* Data below:
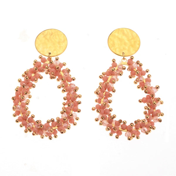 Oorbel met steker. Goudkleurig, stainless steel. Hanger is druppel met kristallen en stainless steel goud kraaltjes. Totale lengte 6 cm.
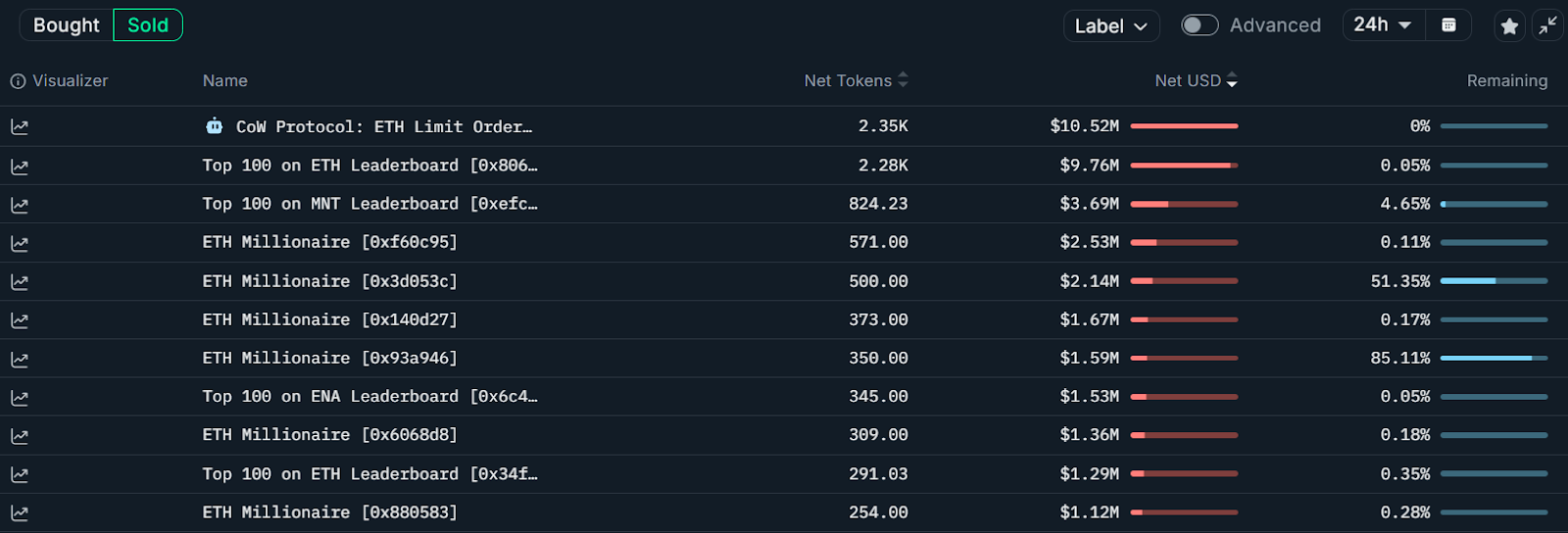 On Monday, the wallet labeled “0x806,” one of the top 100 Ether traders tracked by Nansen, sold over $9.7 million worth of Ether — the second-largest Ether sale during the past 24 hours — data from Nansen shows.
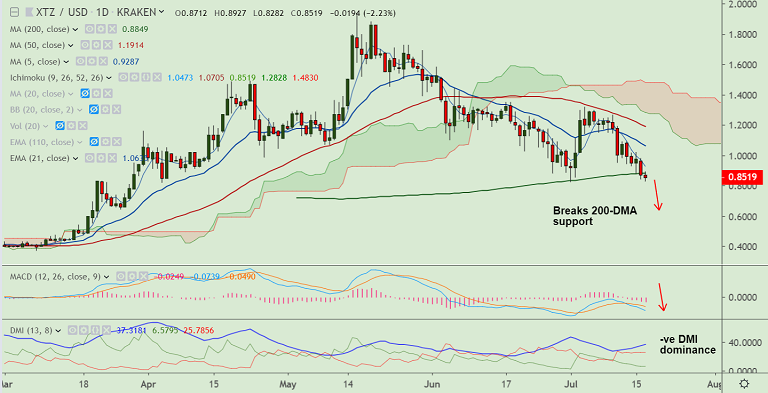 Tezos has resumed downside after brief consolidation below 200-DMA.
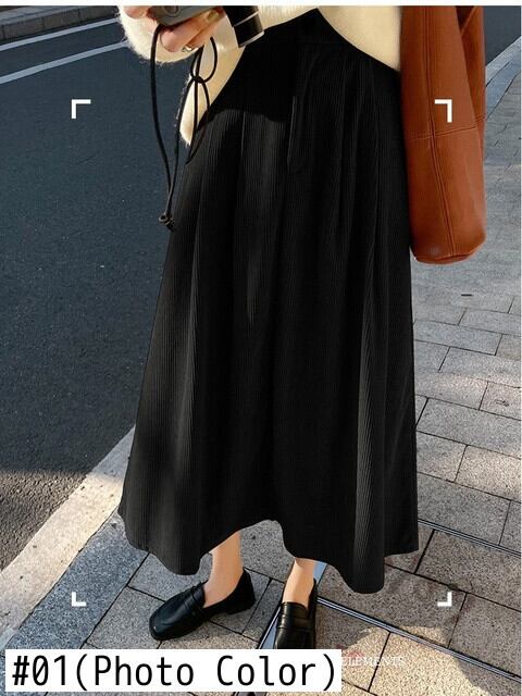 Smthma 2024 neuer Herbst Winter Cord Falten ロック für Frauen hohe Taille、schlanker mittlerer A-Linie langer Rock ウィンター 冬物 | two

* Work instructions:
Quote the material exactly. Pictures stay out.

* Answer box:
 Oorbel met steker. Goudkleurig, stainless steel. Hanger is druppel met kristallen en stainless steel goud kraaltjes. Totale lengte 6 cm.
 On Monday, the wallet labeled “0x806,” one of the top 100 Ether traders tracked by Nansen, sold over $9.7 million worth of Ether — the second-largest Ether sale during the past 24 hours — data from Nansen shows.
 Tezos has resumed downside after brief consolidation below 200-DMA.
 Smthma 2024 neuer Herbst Winter Cord Falten ロック für Frauen hohe Taille、schlanker mittlerer A-Linie langer Rock ウィンター 冬物 | two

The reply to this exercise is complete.